The available archives do not clarify why this proposal was not implemented. Some remarks in the correspondence make one suspect that at least part of the reason for this failure was the reluctance of Jan Beylsmit to accept drastic changes. With all his accuracy and devotion, he was a rather conservative man with little confidence in new technology (and of course, in 1963 computer technology was still in its infancy). Even a proposal from CAL to take care of temporarily analysing a considerable amount of journals, in order to help him speed up the compilation of BL, was met by him with objections and ultimately he declined.
The NSF grant and, as a result, the practical assistance by CAL, were not continued after 1966. Thus CIPL and BL found themselves in the same difficult position as before. A number of new subsidizers were found (listed in BL 1966), but the funds raised in this way could not fully amend the loss of the NSF grant and did not allow CIPL to give Mr Schroten the prospect of a permanent appointment. This seems to have been the main reason why he left BL in 1967. Several months later, he was replaced by the Utrecht classicist Miss Jetske Rijlaarsdam. It was only in 1970 that her position as assistant-editor was secured, when the Dutch Ministry of Education and Science agreed to fund the salaries of the BL staff.
However, this improvement did not mean that any of the CAL recommendations were realised: the time lag was not reduced, and no attempt was made to produce a keyword index or a cumulative index. In fact, the personal relationship between the editor and his assistant developed in a counterproductive way. Their cooperation had started in an optimistic way, but after some years personal frictions arose and had an impact on their joint work: BL 1971 was published with an extra year’s delay in 1974. Attempts by Mohrmann as well as by her successor E.M. Uhlenbeck to improve the relations were to no avail. On the contrary, Rijlaarsdam fell ill in 1979 as a result of the tensions and for some years Beylsmit had to do the work on his own again. Thanks to an extra subvention from the Dutch government, temporary assistance could be realised in 1981. The new assistant, Hans Borkent, was not a linguist but a sociologist with a working knowledge of modern languages and Bahasa Indonesia, as he had done fieldwork in the Indonesian archipelago.
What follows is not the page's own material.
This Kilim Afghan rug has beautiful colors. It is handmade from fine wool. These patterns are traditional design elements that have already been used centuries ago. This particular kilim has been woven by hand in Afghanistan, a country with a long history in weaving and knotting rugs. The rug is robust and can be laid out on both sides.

It was the Indonesian connection that had brought him in contact with Uhlenbeck, a specialist of Javanese. As Borkent’s task for the coming months was limited to assist in proof-reading BL 1978, his non-linguistic background was not seen as a problem. The next year, however, Rijlaarsdam’s appointment was discontinued, as she did not recover from her illness. Borkent took over as permanent assistant.
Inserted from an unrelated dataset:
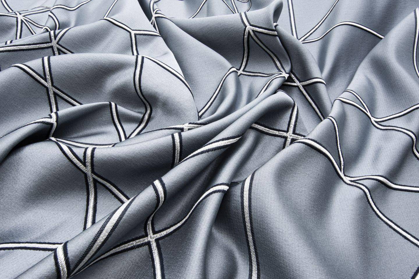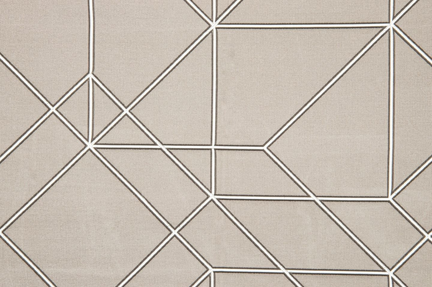 Ein lineares grafisches Muster ziert die raumhohe Polyesterqualität CONTOUR. Der Jacquard überzeugt durch seinen weichen Fall und den dezenten Glanz.

By that time, Beylsmit had reached the age of 61, and began to consider early retirement – a possibility that was opened up by a new government policy to reduce unemployment. In order to facilitate a smooth transition to a new editorship, a second assistant-editor was attracted in September 1982 – a young linguist this time: the Ghent classicist Mark Janse, who had recently come into contact with Uhlenbeck when he was seeking feedback for the thesis he was working on.
BL’s new editors
The year 1983 brought two changes which proved crucial for BL in the long term. First, new and better housing was found for the BL staff. In previous years, Beylsmit had worked at home in Amersfoort and later in Hoevelaken; Rijlaarsdam had had a little room at the Utrecht Institute for Oriental Philology, although apparently she had not used it much. Borkent had a desk at Uhlenbeck’s offices in Leyden and Janse worked at home in Ghent (Belgium). In 1983 however, Uhlenbeck came to an agreement with the director-general of the Koninklijke Bibliotheek – the national library of the Netherlands – to house the BL staff in two rooms in the brand new library building in The Hague. The Koninklijke Bibliotheek also took on the formal task of paying out the editors’ salaries, the funds for which were still furnished by the Dutch Ministry of Education and Science, separately from the library’s regular budget. In the course of time, as a side effect of some changes in government policies, the BL staff became completely integrated into the library organization. This development fitted the objectives of CIPL’s new secretary-general, Leyden lexicologist Piet van Sterkenburg perfectly. He had succeeded Uhlenbeck in 1992 and in his opinion the position of the BL staff should no longer be dependent on the whims of subsidizers or the fate of CIPL. And so, from September 1996 the Koninklijke Bibliotheek had a Bureau Linguistic Bibliography which, as of September 1999, functioned as one of the three constituent parts of the department for “Scientific Bibliography and Documentation”. CIPL in its turn supported the efforts of the library and its Bureau by contributing to the assistant’s salary.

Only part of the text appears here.